### ASSIGNMENT
In the records below, the lines between the one holding "under CC BY 4.0" and the one holding "Seamless vector pattern", inclusive, are to be transcribed exactly; no pictures are to be included.

- Opening Delimiter -

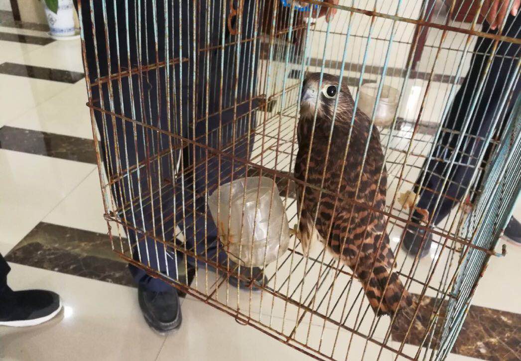 6月2日上午,蚌埠公安朝阳派出所接群众报警称:家里卧室里飞进来一只大鸟。民警立即驱车赶至报警人家里。经了解,张先生买菜回家时,听见卧室内有响动,进去一看发现卧室里飞进来一只大鸟,大鸟目露凶光,吓得张先生赶忙报警求助,经过一番“较量”,民警终于将这只大鸟装进铁笼里。经过确认,大鸟学名紅隼亚成鸟,是国家二级保护动物。目前,已交给森林公安处理。蚌埠新闻网记者 苗成韬
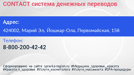 CONTACT, система денежных переводов по адресу 424002, Марий Эл, Йошкар-Ола, Первомайская, 158 в дальнейшем Организация, размещена в следующих категориях:
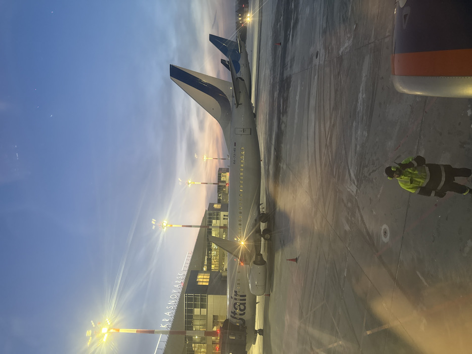 - "The image depicts an airport apron scene at Krasnoyarsk International Airport (Емельяново), Russia, during dusk or dawn" by FM-LQAZF2, licensed under CC BY 4.0
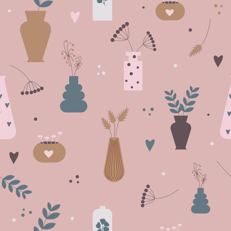 Seamless vector pattern with abstract, whimsical and dry flowers in different shape vases. Minimalistic natural and ceramic background. Pro Vector
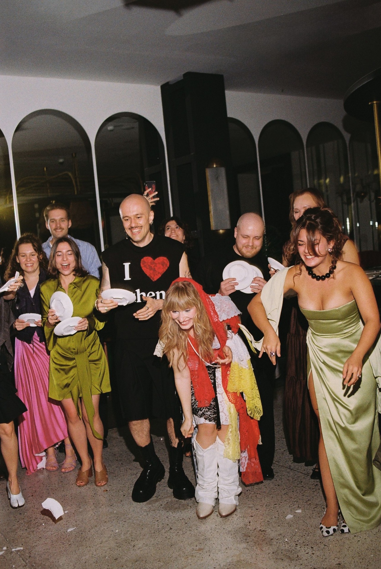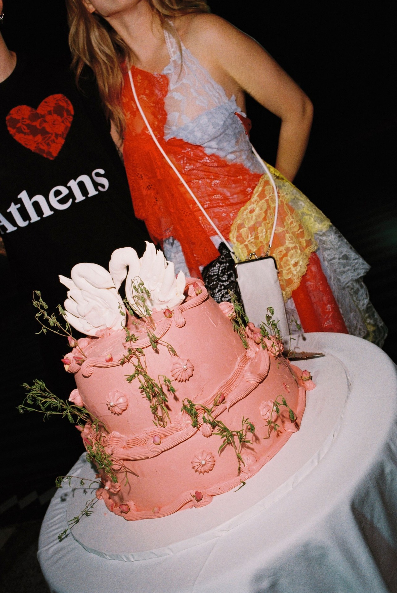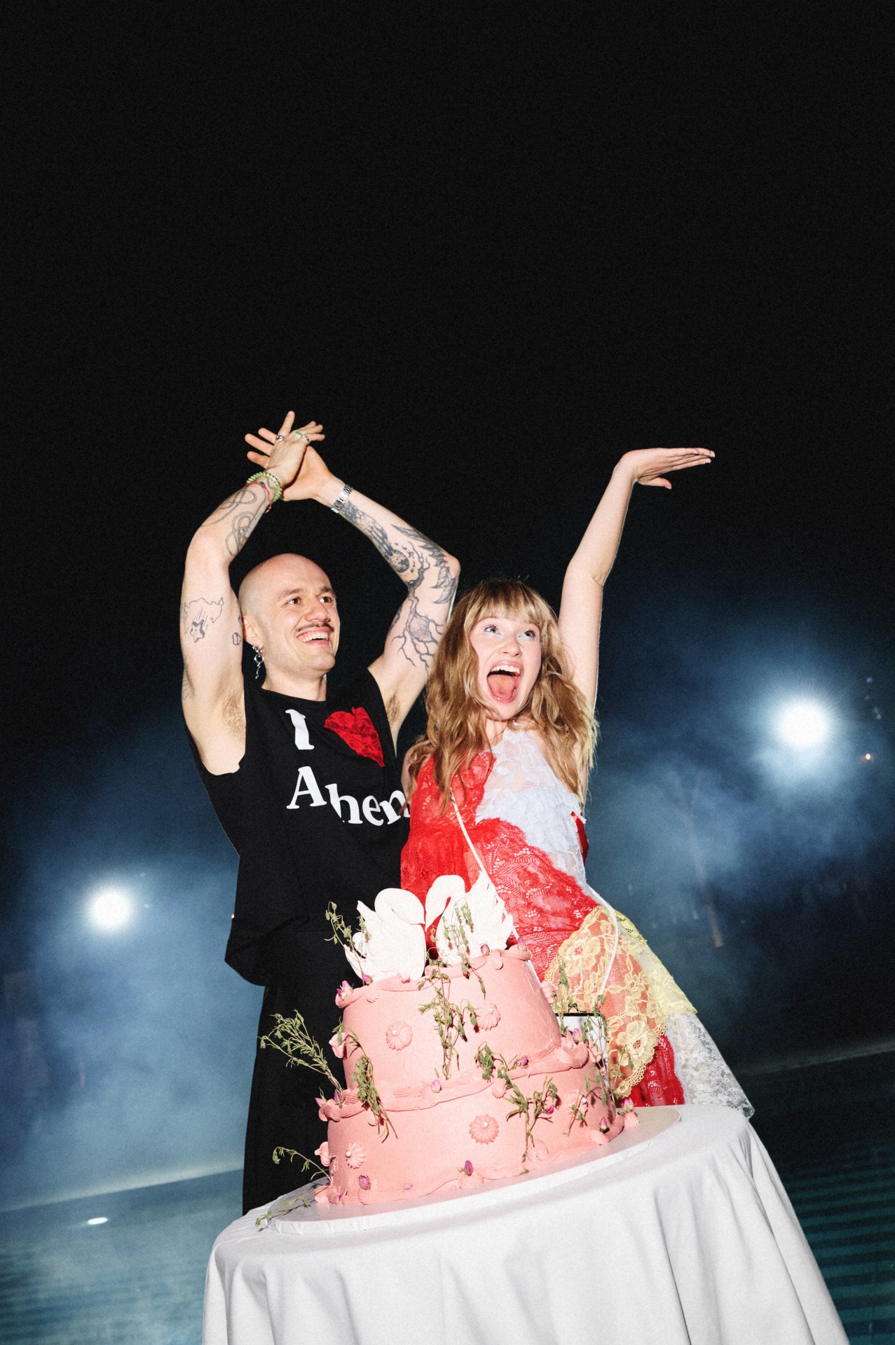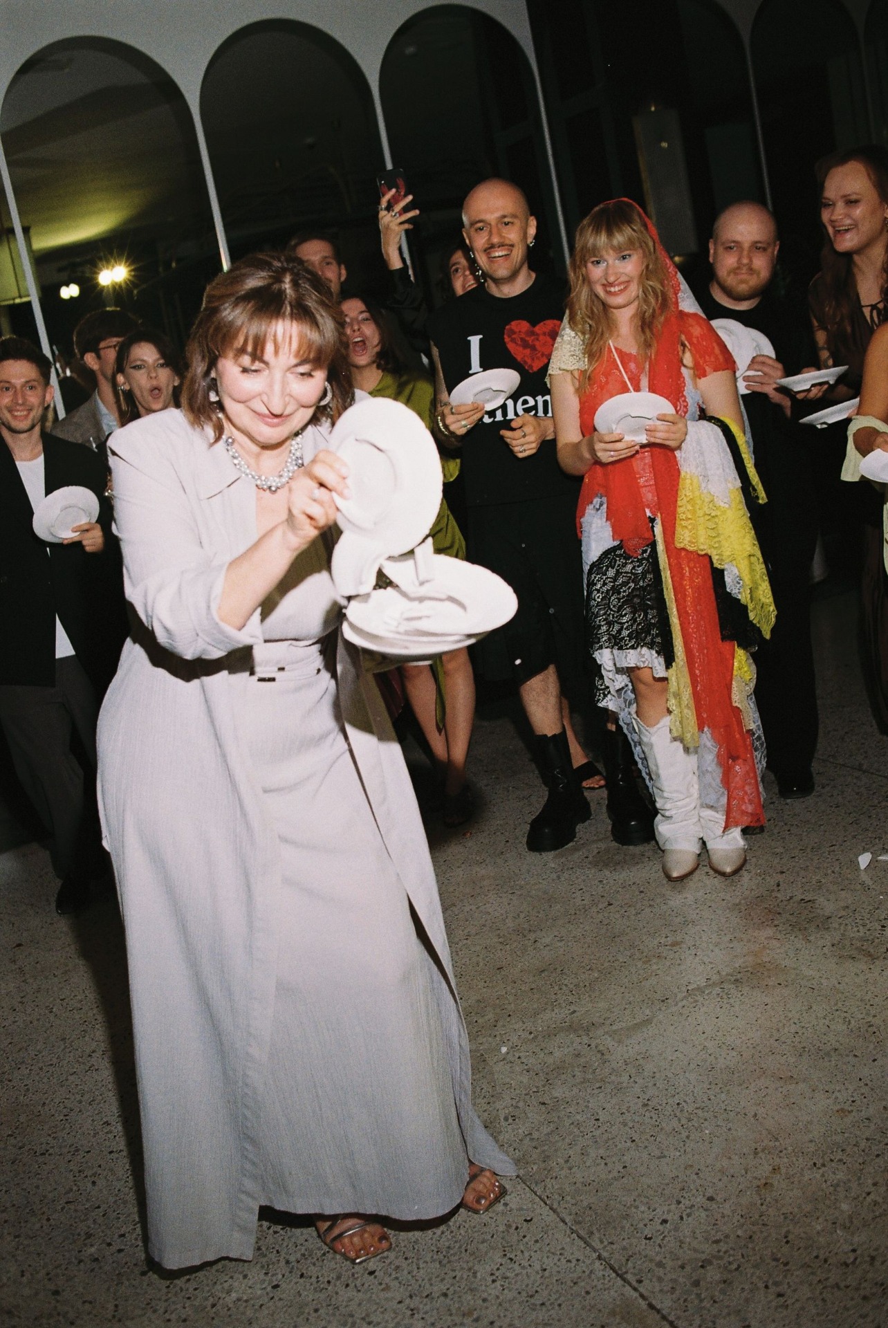 После ужина и тостов от самых близких все вышли на танцпол, чтобы станцевать «Сиртаки». А как иначе, ведь у меня греческие корни. Следуя традиции, после танца все пятьдесят пять гостей разбивали тарелки — получилась такая групповая терапия, которая стала одним из самых ярких моментов вечера. Дальше всё было как в тумане: торт, бросание букета, танцы, сольное выступление Виталика, нашего друга — и вот кто-то уже прыгает в бассейн, несмотря на прохладную погоду.

- Closing Delimiter -

### TASK OUTPUT
 - "The image depicts an airport apron scene at Krasnoyarsk International Airport (Емельяново), Russia, during dusk or dawn" by FM-LQAZF2, licensed under CC BY 4.0
 Seamless vector pattern with abstract, whimsical and dry flowers in different shape vases. Minimalistic natural and ceramic background. Pro Vector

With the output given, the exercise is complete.